These are the key concepts you need to understand to accurately answer the question.

Null Hypothesis
When starting a hypothesis test, one of the first things we need to establish is the null hypothesis. The null hypothesis, denoted as \(H_0\), serves as a statement of no effect or no difference. It is assumed to be true until evidence indicates otherwise.

In our example, the null hypothesis is expressing that the proportion of women attacked by relatives is less than or equal to the proportion of men attacked by relatives. Mathematically, we write this as \(H_0: p_1 \leq p_2\). This hypothesis represents our starting belief, suggesting that any observation contrary to this is due to random chance rather than a difference between groups.

Understanding the null hypothesis's role is crucial, as it sets the base we compare our observations against. Only when the evidence against the null hypothesis is clear and strong (like in our example) do we consider rejecting it.
Alternative Hypothesis
The alternative hypothesis, denoted as \(H_1\), is the statement you aim to support with your data. In essence, it reflects a new effect or a specific difference that may exist due to some factor.

In the given scenario, the alternative hypothesis posits that the proportion of women attacked by relatives is indeed greater than the proportion of men attacked by relatives. This is stated mathematically as \(H_1: p_1 > p_2\). The alternative hypothesis aligns with what we suspect might be true based on prior knowledge or theory.

Choosing the correct form of the alternative hypothesis is vital, as it determines the direction of the test. Here, it's a right-tailed test since we're interested in showing that one proportion is specifically greater than the other. Thus, it defines how we evaluate our collected data and draw conclusions from it.
Critical Value
The critical value is a threshold that demarcates whether you reject the null hypothesis. It is determined based on the level of significance \(\alpha\), which in this example is set at 0.10.

By referring to a standard normal distribution table, we find that for a right-tailed test, the critical value \(z_c\) is approximately 1.28 when \(\alpha = 0.10\). This means that if our test statistic exceeds this value, we have enough evidence to reject the null hypothesis in favor of the alternative hypothesis.

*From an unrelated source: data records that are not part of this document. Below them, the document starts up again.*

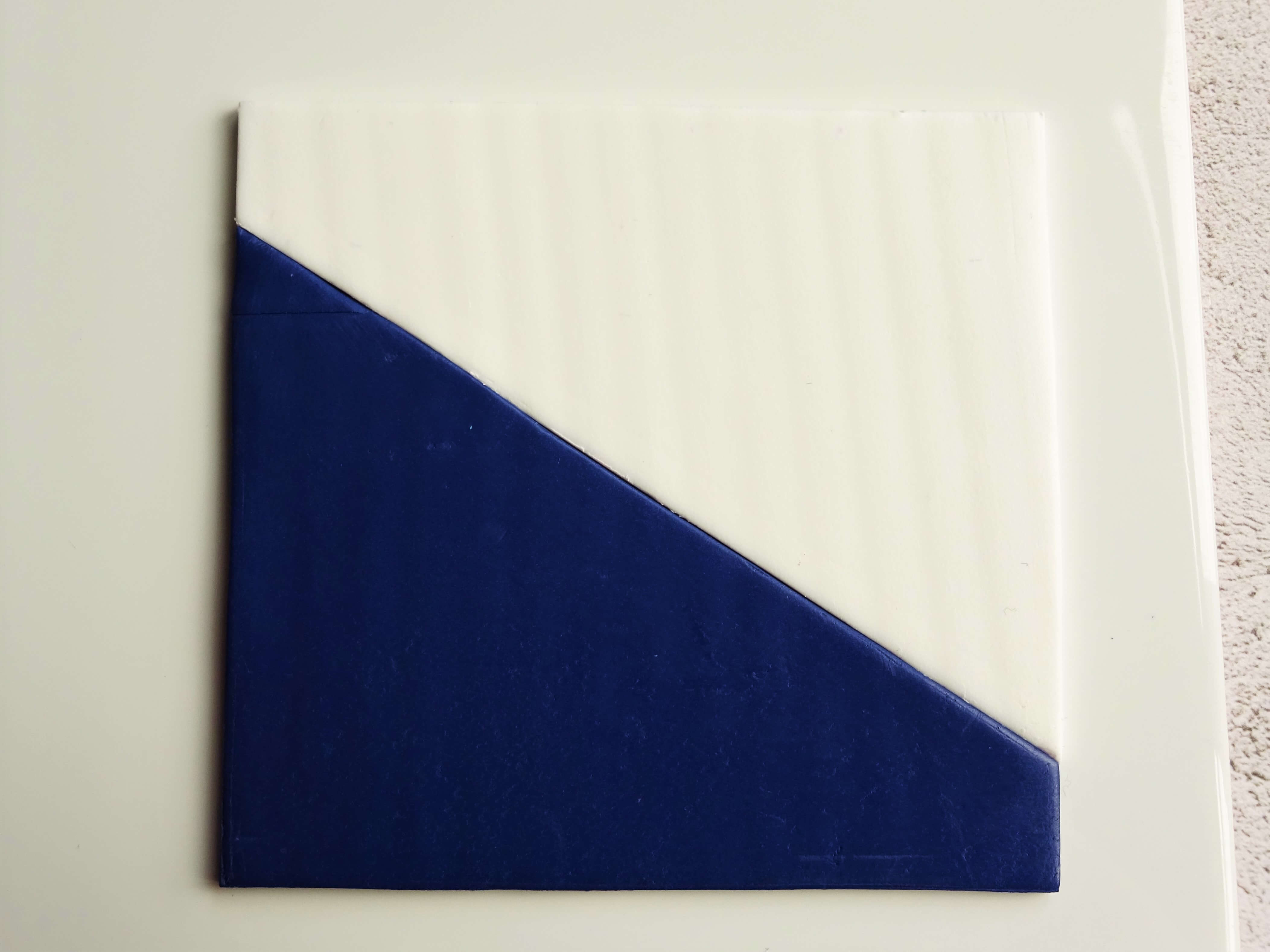 Once the two clay colours are sticking together, pick it up and fold in half so that the white corners are matching together and the blue corners are matching as in 4a.
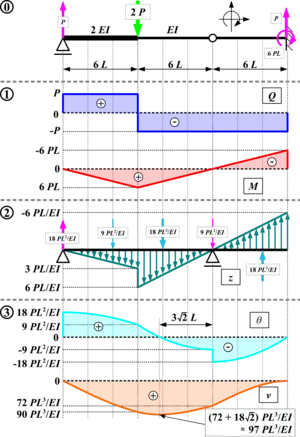 Here the shear V compares with the slope θ, the moment M compares with the displacement v, and the external load w compares with the M/EI diagram. Below is a shear, moment, and deflection diagram. A M/EI diagram is a moment diagram divided by the beam's Young's modulus and moment of inertia.
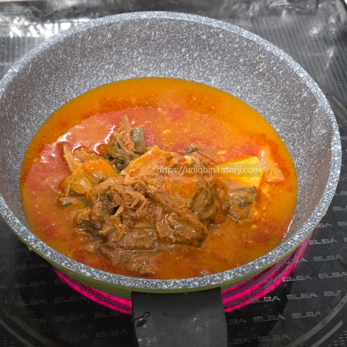 저는 보통 물을 소량 미리 하이라이트에 끓인후에 냄비가 달구어지면 부어요.
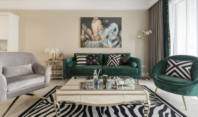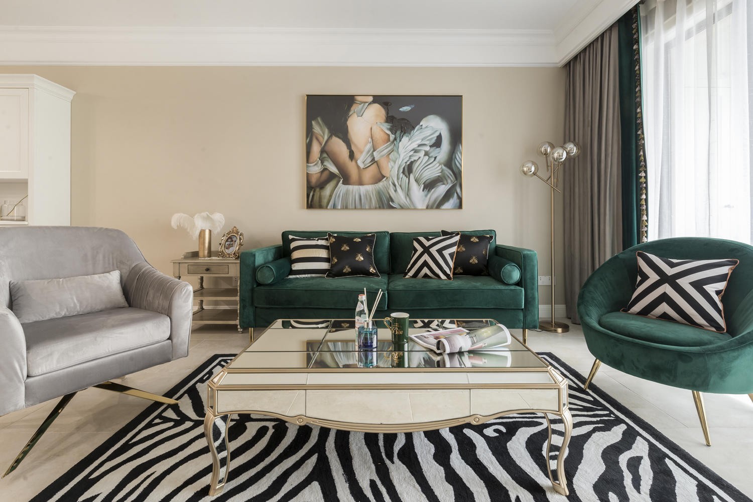 業主為中年夫妻二人,家里常住人口為三口人,加一個高中女兒,所以業主想把家裝的比較豪華,看上去比較高端大氣上檔次。為了讓整個客廳看上去不至于太過于單調或者單一,加了一些墨綠元素以及黑白進去,讓客廳更富層次感。
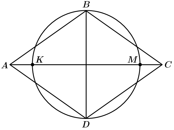 3. Центр кола, вписаного в ромб – точка перетину діагоналей точка
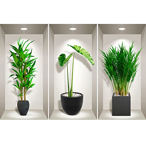 Stickers adhésifs 3D | Sticker Mural Autocollant effet 3D plantes déco séjour - Stickers muraux Chambre Adulte - Stickers muraux 3D - Decoration Salon - Autocollants muraux Trompe l'oeil | 80x120cm
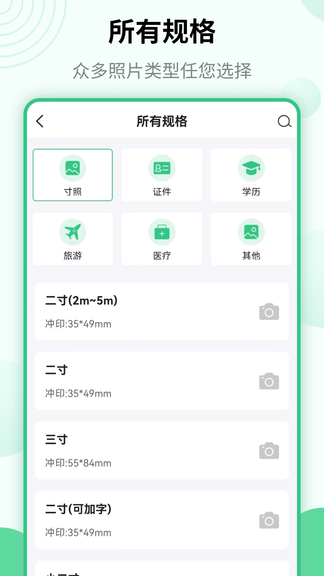 应用内含盖1寸、2寸、3寸、4寸等常用尺寸,如:毕业照、学位照等学生证照;考研、考公、幼师及技能类考试证照;还有社保、护照、驾照、签证、结婚证件照等其他您需要的各类拍摄场景需求。软件内包含当下热门的证件照尺寸,更便捷高效的用手机就能制作出需要的证件照!
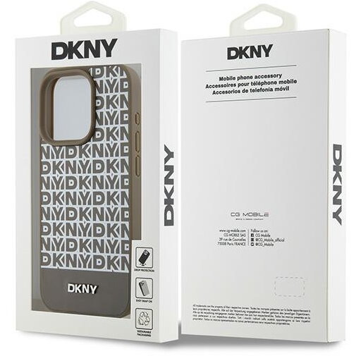 Husa iPhone 15 Pro - DKNY Leather Printed Pattern Metal Logo MagSafe (DKHMP15LPSOSPW) - Brown
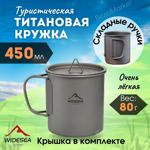 Титановая кружка с крышкой- незаменимая вещь в походе, имея в своем туристическом рюкзаке походную посуду Вы всегда сможете подогреть на костре себе любой напиток или горячий суп или набрать воды для умывания. Она станет вашим верным спутником в долгом походе или маленьком пикнике. Чашка из титана обладает незаменимым качеством долговечности и не склонная к коррозии. Армейская кружка универсальна своей компактностью, легкостью и эргономичностью, не занимает много места в тактической сумке благодаря складной ручке и не большого размера (9 см на 9 см) хотя объем ее 450 мл, которого хватит на большую кружку чая или порцию горячего аппетитного супа. Внутри кружки есть мерная шкала если понадобится набрать необходимое кол-во воды. Посуда для туризма из титанового сплава очень легкая что не идет в ущерб прочности. Титан – очень крепкий металл. Его сложно поцарапать. Несмотря на тонкие стенки титановой кружки, ее трудно смять. Кстати, благодаря ее тонкости, посуда быстро прогревается, и вода закипает очень быстро. Важное отличие кружки widesea от обычной металлической то что титановая посуда не ржавеет, не окисляется, и не дает никаких привкусов вашей пище и напиткам. Практическое применение для любых видов отдыха: рыбалка, кемпинг, поход, путешествия, охота, военная, для армии, пикник, вело и пешие прогулки, походы в горы, в лес или даже на море. Также она сможет послужить интересным и уникальным подарком на 23 февраля, день рождения или любой другой праздник своему мужчине, мужу, брату или папе.
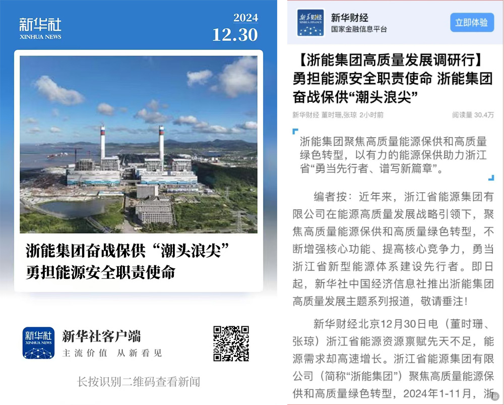 今日,新華社推出浙能集團高質量發展主題系列報道,首期刊發《勇擔能源安全職責使命 浙能集團奮戰保供“潮頭浪尖”》。

The critical value ensures that results lying beyond this point are rare under the null hypothesis, providing justification for its rejection. Hence, it's a pivotal part of hypothesis testing, helping convert observed data into logical decisions.
Test Statistic
The test statistic is a calculated value used to compare against the critical value to decide on the null hypothesis. It's derived from our sample data, in this case using the difference between sample proportions.

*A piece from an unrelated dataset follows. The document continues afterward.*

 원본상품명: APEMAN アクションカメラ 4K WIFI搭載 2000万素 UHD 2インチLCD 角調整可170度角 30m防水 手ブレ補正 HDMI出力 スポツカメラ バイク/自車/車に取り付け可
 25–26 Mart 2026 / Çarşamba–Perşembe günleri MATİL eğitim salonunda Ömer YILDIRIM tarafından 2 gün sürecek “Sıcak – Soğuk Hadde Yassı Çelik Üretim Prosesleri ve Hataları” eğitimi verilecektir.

First, the sample proportions for women and men are calculated as \(\hat{p}_1 = 0.3\) and \(\hat{p}_2 = 0.12\), respectively. Then, we determine a pooled sample proportion \(\hat{p} = 0.231\) to reflect the overall attack rate.

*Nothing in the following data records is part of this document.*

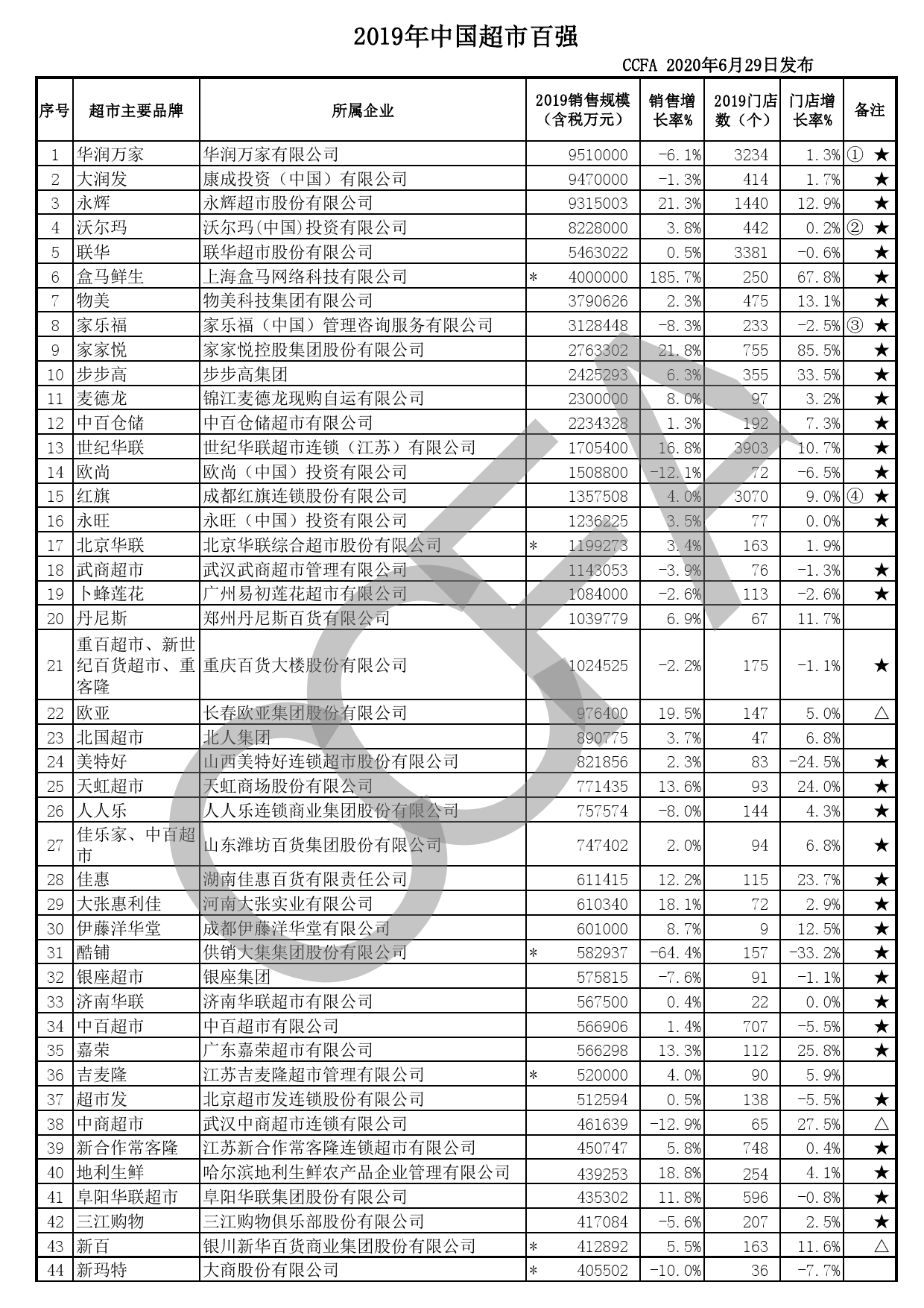 CCFA:2019年中国超市百强 更多阅读:CCFA:2020年中国便利店TOP100榜单CCFA:2022零售连锁品牌数字化运营研究及策略TMI&CCFA:2020数字化特许经营加盟投资人画像及行为研究报告CCFA&饿了么:2020新茶饮研究报告CCFA:2020年4月法国汽车行业市场数据CCFA:2021新茶饮研究报告CCFA:2023年中国超市TOP100出炉 沃尔玛(中国)以1202亿元销售额连续第三年稳居榜首CCFA&美团:2021中国餐饮加盟行业白皮书KPMG&CCFA:202年中国便利店发展报告CCFA&美团:2023中国餐饮加盟TOP100(附榜单)CCFA:生活服务连锁企业数字化应用情况分析美团&CCFA:2023中国餐饮加盟行业白皮书Demand Gen :制造商将数字转换扩展到销售和营销报告前程无忧:2021年Q1集成电路/半导体市场供需报告数字之旅的时代启幕——空间计算
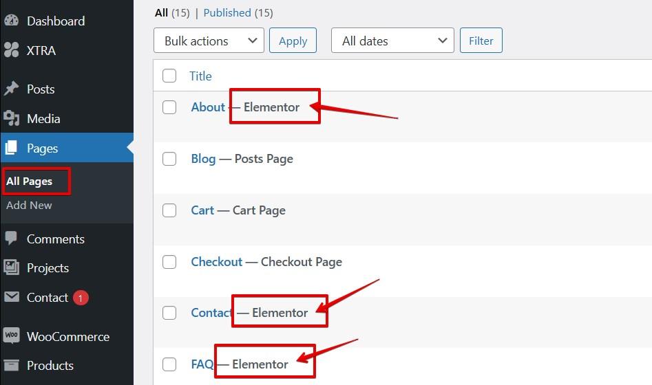 All pages created by Elementor have an “Edit with Elementor” link on all pages.
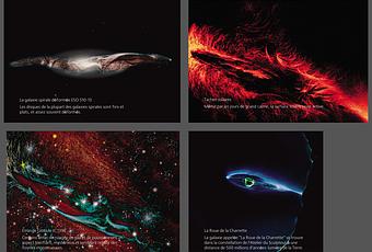 fascinantes, plus ou moins irréelles puisque ce sont les résultats des calculs d’ordinateurs associés aux téléscopes électroniques et non pas des visions réelles, des impressions rétiniennes directes. La première photo numérique de l’histoire fut faite par le télescope Hubble en 1990. Ce sont certaines de ces images astronomiques que l’artiste russe Julia Milner a
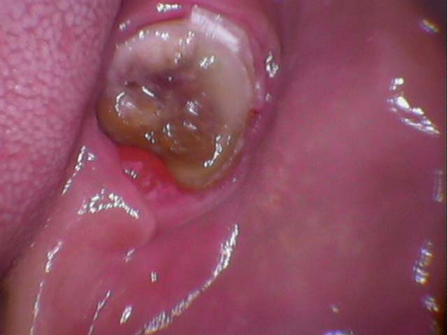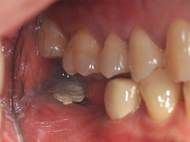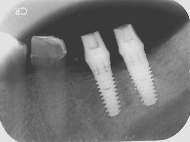 牙橋嚴重蛀牙,即拔即種,避免二次傷口 首頁 案例分享 人工植牙 牙橋嚴重蛀牙,即拔即種,避免二次傷口 多年前製作之牙橋,因為二度齲齒,導致支台齒蛀蝕,而需重新製作 牙橋支臺齒嚴重蛀牙 STEP1.拔除殘根並植入兩根植牙 STEP2.骨粉填補缺損骨頭缺陷 STEP3.三個月後,準備製作正式假牙 STEP4.正式假牙完成

The standard error is then computed to measure variability, and finally, our test statistic \(z\) is calculated: \[ z = \frac{\hat{p}_1 - \hat{p}_2}{SE} = \frac{0.3 - 0.12}{0.068} \approx 2.65 \]The obtained test statistic of 2.65 is compared to the critical value. Because it exceeds 1.28, it suggests that the null hypothesis doesn’t hold, allowing us to support the alternative claim. This method of using a test statistic ensures our conclusions are grounded in statistical analysis.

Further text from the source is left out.